*YOUR ASSIGNMENT*. Starting at the line that contains "Летнее льняное платье", write out every line to the end of the records below exactly, and leave out the pictures.

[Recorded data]
◇ ◇ ◇ ◇ ◇ ◇ ◇

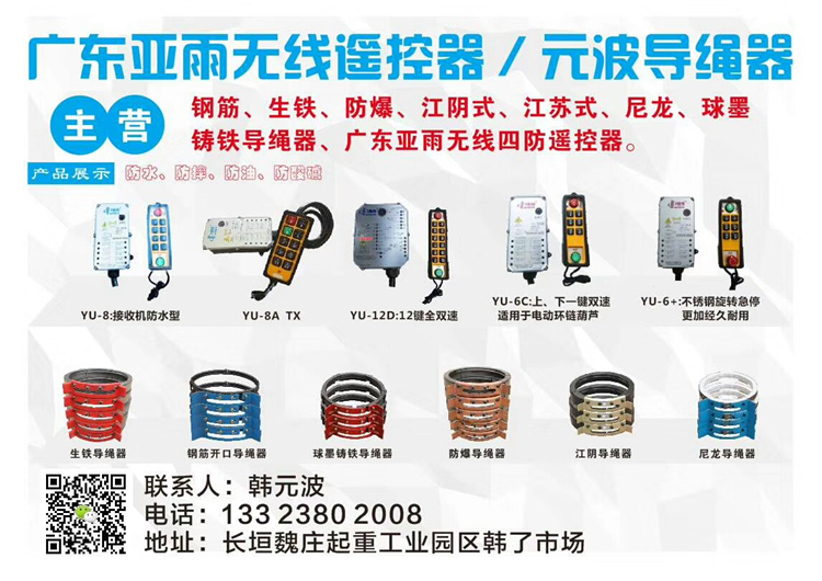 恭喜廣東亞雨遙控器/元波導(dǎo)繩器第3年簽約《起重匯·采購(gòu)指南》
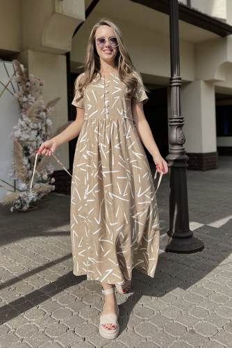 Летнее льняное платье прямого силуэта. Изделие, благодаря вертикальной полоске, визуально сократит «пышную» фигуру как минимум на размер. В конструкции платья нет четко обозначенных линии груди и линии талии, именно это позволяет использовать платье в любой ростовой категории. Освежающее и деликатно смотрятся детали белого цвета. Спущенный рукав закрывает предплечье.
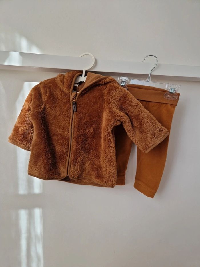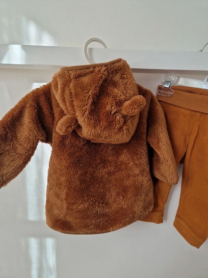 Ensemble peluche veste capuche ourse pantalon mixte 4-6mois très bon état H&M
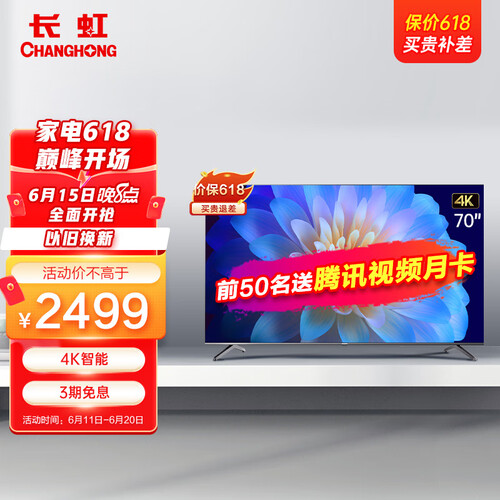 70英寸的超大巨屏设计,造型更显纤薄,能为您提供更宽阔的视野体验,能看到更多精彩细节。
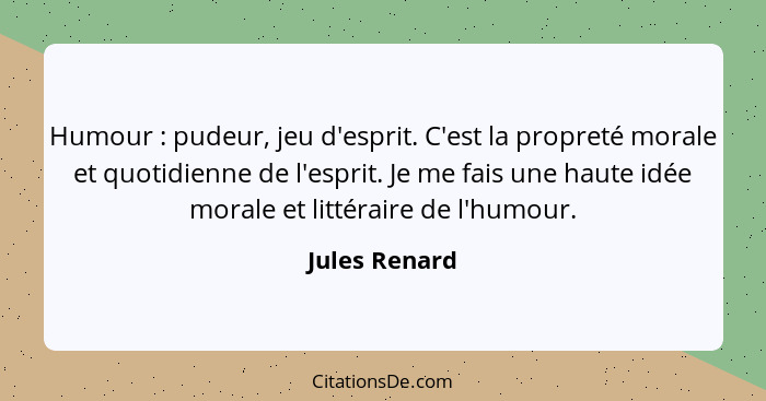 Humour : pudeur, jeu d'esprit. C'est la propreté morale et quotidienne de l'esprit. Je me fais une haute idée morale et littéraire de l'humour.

◇ ◇ ◇ ◇ ◇ ◇ ◇

*YOUR RESPONSE*.
 Летнее льняное платье прямого силуэта. Изделие, благодаря вертикальной полоске, визуально сократит «пышную» фигуру как минимум на размер. В конструкции платья нет четко обозначенных линии груди и линии талии, именно это позволяет использовать платье в любой ростовой категории. Освежающее и деликатно смотрятся детали белого цвета. Спущенный рукав закрывает предплечье.
 Ensemble peluche veste capuche ourse pantalon mixte 4-6mois très bon état H&M
 70英寸的超大巨屏设计,造型更显纤薄,能为您提供更宽阔的视野体验,能看到更多精彩细节。
 Humour : pudeur, jeu d'esprit. C'est la propreté morale et quotidienne de l'esprit. Je me fais une haute idée morale et littéraire de l'humour.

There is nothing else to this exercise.